From mboxrd@z Thu Jan  1 00:00:00 1970
Return-Path: <owner-linux-mm@kvack.org>
Received: from mail-ot0-f200.google.com (mail-ot0-f200.google.com [74.125.82.200])
	by kanga.kvack.org (Postfix) with ESMTP id 2C0056B000A
	for <linux-mm@kvack.org>; Tue,  3 Jul 2018 22:23:04 -0400 (EDT)
Received: by mail-ot0-f200.google.com with SMTP id y20-v6so2662996otk.19
        for <linux-mm@kvack.org>; Tue, 03 Jul 2018 19:23:04 -0700 (PDT)
Received: from www262.sakura.ne.jp (www262.sakura.ne.jp. [202.181.97.72])
        by mx.google.com with ESMTPS id i9-v6si918705ote.96.2018.07.03.19.23.01
        for <linux-mm@kvack.org>
        (version=TLS1_2 cipher=ECDHE-RSA-AES128-GCM-SHA256 bits=128/128);
        Tue, 03 Jul 2018 19:23:02 -0700 (PDT)
Message-Id: <201807040222.w642Mtlr099513@www262.sakura.ne.jp>
Subject: Re: [PATCH 0/8] OOM killer/reaper changes for avoiding OOM lockup problem.
From: penguin-kernel@i-love.sakura.ne.jp
MIME-Version: 1.0
Date: Wed, 04 Jul 2018 11:22:55 +0900
References: <20180703151223.GP16767@dhcp22.suse.cz> <20180703152922.GR16767@dhcp22.suse.cz>
In-Reply-To: <20180703152922.GR16767@dhcp22.suse.cz>
Content-Type: text/plain; charset="ISO-2022-JP"
Content-Transfer-Encoding: 7bit
Sender: owner-linux-mm@kvack.org
List-ID: <linux-mm.kvack.org>
To: Michal Hocko <mhocko@kernel.org>
Cc: linux-mm@kvack.org, akpm@linux-foundation.org, torvalds@linux-foundation.org

Michal Hocko wrote:
> > On Tue 03-07-18 23:25:01, Tetsuo Handa wrote:
> > > This series provides
> > > 
> > >   (1) Mitigation and a fix for CVE-2016-10723.
> > > 
> > >   (2) A mitigation for needlessly selecting next OOM victim reported
> > >       by David Rientjes and rejected by Michal Hocko.
> > > 
> > >   (3) A preparation for handling many concurrent OOM victims which
> > >       could become real by introducing memcg-aware OOM killer.
> > 
> > It would have been great to describe the overal design in the cover
> > letter. So let me summarize just to be sure I understand the proposal.
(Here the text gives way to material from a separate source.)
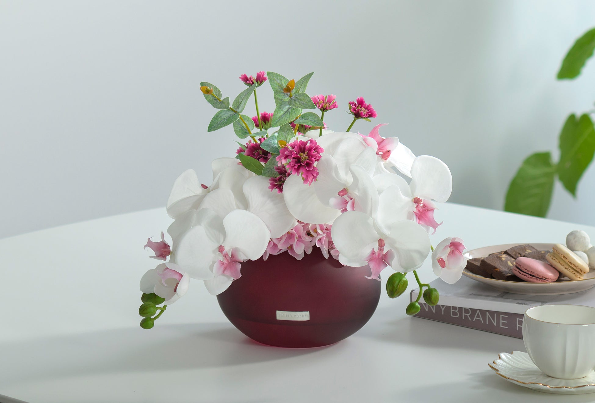 エミリオ・ロバは、フランスのアートフラワーブランドで、マキシム・ド・パリの出店やフランス大統領専用機の装飾を通じて“花の彫刻家”と称され、アートフラワーだからこそ生まれる造形美とインテリアの価値をも高める構成的な花器で豊かなライフスタイルを演出しています。花びらは思わず触ってみたくなるほど瑞々しく、花びらのしわや葉脈までリアルに再現し、フラワーデザイン界で無限の可能性を持つ唯一無二のアートフラワーブランドとして、世界中で人気となっています。

You understood the proposal correctly.

> > You are removing the oom_reaper and moving the oom victim tear down to
> > the oom path.

Yes. This is for getting rid of the lie

	/*
	 * Acquire the oom lock.  If that fails, somebody else is
	 * making progress for us.
	 */
	if (!mutex_trylock(&oom_lock)) {
		*did_some_progress = 1;
		schedule_timeout_uninterruptible(1);
		return NULL;
	}

which is leading to CVE-2016-10723. By reclaiming from the OOM killer path,
we can eliminate this heuristic.

Of course, we don't have to remove the OOM reaper kernel thread. But the OOM
killer path knows better than the OOM reaper path regarding which domains need
to be reclaimed faster than other domains.

> >               To handle cases where we cannot get mmap_sem to do that
> > work you simply decay oom_badness over time if there are no changes in
> > the victims oom score.

Yes. It is a feedback based approach which handles not only unable to get
mmap_sem case but also already started free_pgtables()/remove_vma() case.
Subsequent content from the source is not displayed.